Repeat the listing that follows exactly. Pictures are not part of the copy.

Data excerpt:

******************************

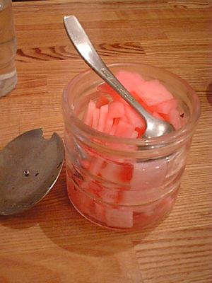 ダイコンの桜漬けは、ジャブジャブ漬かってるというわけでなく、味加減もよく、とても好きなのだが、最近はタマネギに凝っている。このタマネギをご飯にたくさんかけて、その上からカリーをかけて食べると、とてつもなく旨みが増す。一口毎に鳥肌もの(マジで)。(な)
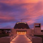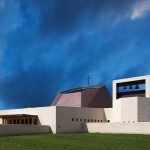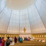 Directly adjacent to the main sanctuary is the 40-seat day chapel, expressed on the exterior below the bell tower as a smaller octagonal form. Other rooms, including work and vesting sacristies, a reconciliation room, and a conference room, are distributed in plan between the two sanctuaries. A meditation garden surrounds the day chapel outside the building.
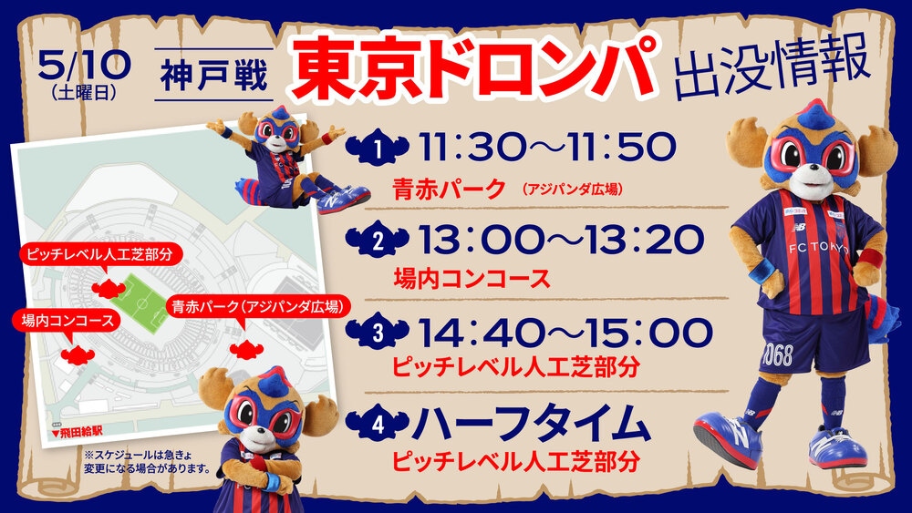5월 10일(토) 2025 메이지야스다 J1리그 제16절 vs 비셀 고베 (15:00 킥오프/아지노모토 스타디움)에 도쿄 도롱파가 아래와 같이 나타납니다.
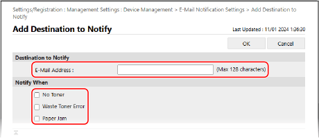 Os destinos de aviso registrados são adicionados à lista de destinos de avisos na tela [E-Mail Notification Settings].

******************************

Answer box:
 ダイコンの桜漬けは、ジャブジャブ漬かってるというわけでなく、味加減もよく、とても好きなのだが、最近はタマネギに凝っている。このタマネギをご飯にたくさんかけて、その上からカリーをかけて食べると、とてつもなく旨みが増す。一口毎に鳥肌もの(マジで)。(な)
 Directly adjacent to the main sanctuary is the 40-seat day chapel, expressed on the exterior below the bell tower as a smaller octagonal form. Other rooms, including work and vesting sacristies, a reconciliation room, and a conference room, are distributed in plan between the two sanctuaries. A meditation garden surrounds the day chapel outside the building.
5월 10일(토) 2025 메이지야스다 J1리그 제16절 vs 비셀 고베 (15:00 킥오프/아지노모토 스타디움)에 도쿄 도롱파가 아래와 같이 나타납니다.
 Os destinos de aviso registrados são adicionados à lista de destinos de avisos na tela [E-Mail Notification Settings].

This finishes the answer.